Toujours est-il que pour le nominatif et le génitif, la différence semble d’un point de vue auditif et articulatoire bien perceptible ; nous relèverons donc dans le corpus quel morphème est employé par quel type de participants. En ce qui concerne les formes au datif, nous devons être prudente quant à leur différence qui ne semble pas être réellement pertinente. En effet, nous avons constaté qu’à l’oral, il était fréquent que les locuteurs OCC fassent tomber le -i final de leurs pronoms, ce qui ferait que finalement, nous aboutirions aux mêmes morphèmes qu’en oriental.

Voici l’explication sous forme de formule :

si Acc OR = Dat OR,

si Dat OR = Acc OCC,

alors Acc OR = Acc OCC.

Nous venons également de voir que pour ces mêmes personnes, parfois à l’oral, le datif occidental pouvait prendre la même forme que le datif oriental.

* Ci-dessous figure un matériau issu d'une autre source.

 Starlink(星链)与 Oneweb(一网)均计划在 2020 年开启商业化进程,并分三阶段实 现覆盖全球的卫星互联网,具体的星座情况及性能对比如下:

Pour toutes ces raisons, nous ne considérerons pas ces formes de première et deuxième personnes comme distinctives aux cas datif et accusatif.

Pour les autres personnes (première et deuxième), même si la base est commune, les affixes casuels seront toujours différents lorsque l’on se retrouvera à l’ablatif (-nits vs -mɛ) ou à l’instrumental (-nov vs -mov). On établit facilement le lien avec les affixes employés pour les noms, puisqu’on en trouve des traces directement dans les affixes pronominaux : le -its de l’ablatif oriental, le -ov de l’instrumental, et un reste plus lointain du -ɛn de l’ablatif occidental (on retrouve la voyelle ouverte).

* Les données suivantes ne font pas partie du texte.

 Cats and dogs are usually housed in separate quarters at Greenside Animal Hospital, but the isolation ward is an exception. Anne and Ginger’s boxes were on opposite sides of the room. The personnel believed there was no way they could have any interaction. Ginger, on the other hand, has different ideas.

Toujours est-il que ce qui distingue ces marques-là, c’est la présence d’un -n- en oriental et d’un -m- en occidental. On en a bien l’illustration pour l’instrumental. Pour les noms, nous avons exactement le même morphème d’une variante à l’autre, mais pour les pronoms, un -n- ou un -m- viennent s’intercaler entre la base et l’affixe casuel, selon qu’on s’exprime en oriental ou en occidental, et font qu’on obtient des formes finalement distinctes.

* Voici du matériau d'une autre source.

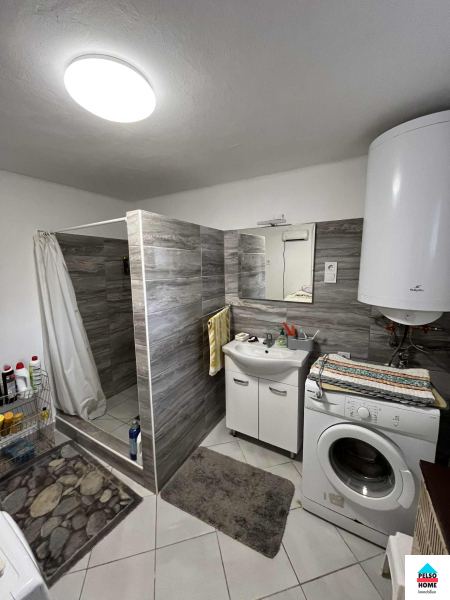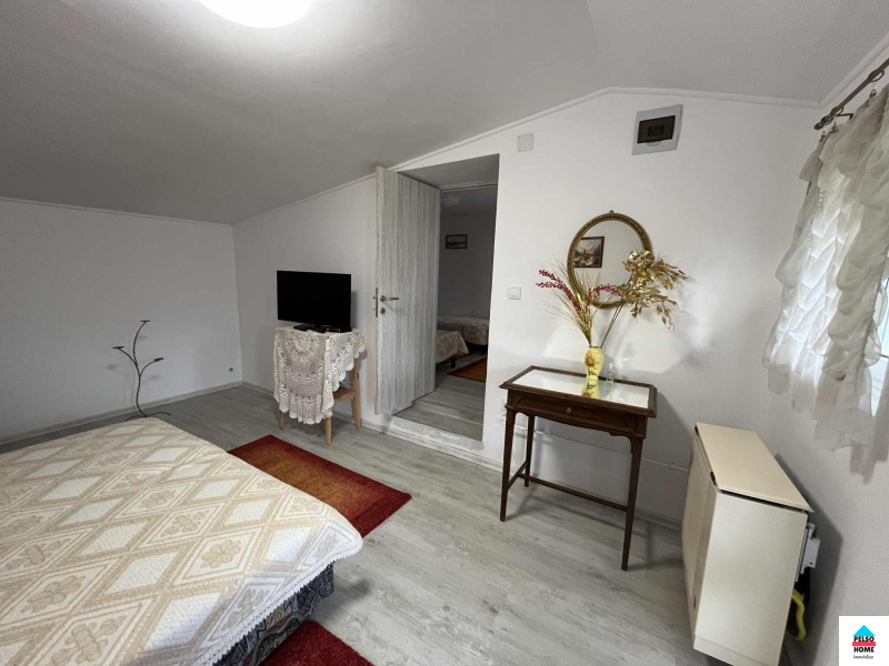 Vendégek részére külön 50m2-es apartman, két szobával, fürdővel (zuhany,wc) és egy étkezővel ami konyhának is kialakítható!

Dernière remarque à ce sujet : les pronoms à l’instrumental ne sont pas d’un usage des plus courants. Nous verrons donc si dans notre corpus, nous avons des exemples d’utilisation de ces cas-là. C’est d’ailleurs à partir de ce niveau que l’étude deviendra intéressante, puisque nous pourrons voir si les locuteurs prennent le risque d’employer des formes qui n’existent pas dans leur variante et qui sont même peu usitées par les locuteurs dialectalement opposés, dans le but de montrer un effort considérable d’adaptation dans la variante voisine.

Là encore il faut savoir que les pronoms au locatif ne sont que très peu usités à l’oral et nous ne pensons même pas trouver d’attestations de la part des locuteurs OR dans notre corpus. En revanche, il est possible que certains participants utilisent les autres types de formes spécifiques à leur variante, mais ce qui sera par-dessus tout le plus intéressant à étudier, c’est de voir si les locuteurs qui ne possèdent pas ces formes dans leur système ont conscience de leur existence par ailleurs et arrivent malgré tout à les employer.

Nous venons de présenter les cinq types de nuances qui peuvent exister au sein du système pronominal entre les deux variantes d’arménien. Ainsi, si nous les plaçons, tout comme pour le système verbal, sur une échelle, nous passerons d’un extrême représenté par des formes et des sens uniques dans les deux variantes (degré 1), à un autre extrême avec des formes spécifiques, c’est-à-dire dépourvues d’équivalents dans l’autre variante (degré 5). Entre les deux, nous aurons au choix des formes similaires ou parfaitement identiques pour des sens identiques (degré 2) ou radicalement opposés (degré 3) et enfin des formes différentes pour représenter une notion unique (degré 4). Nous regarderons comment se manifestent ces différents degrés dans notre corpus.

Notes
60.

La présence d’antécédent ne sera pas nécessaire.

61.

Une autre différence entre ink et nrɑ réside dans le fait que le premier apparaît exclusivement pour représenter des animés tandis que le second peut être utilisé avec des animés et des non-animés.

62.

Qui aura recours à une construction analytique pour exprimer cette idée au pluriel.

63.

Notons que cette forme possède deux graphies différentes pour la finale [dz] : elle s’écrira ինձ en arménien oriental et ինծen arménien occidental, et aura la même prononciation.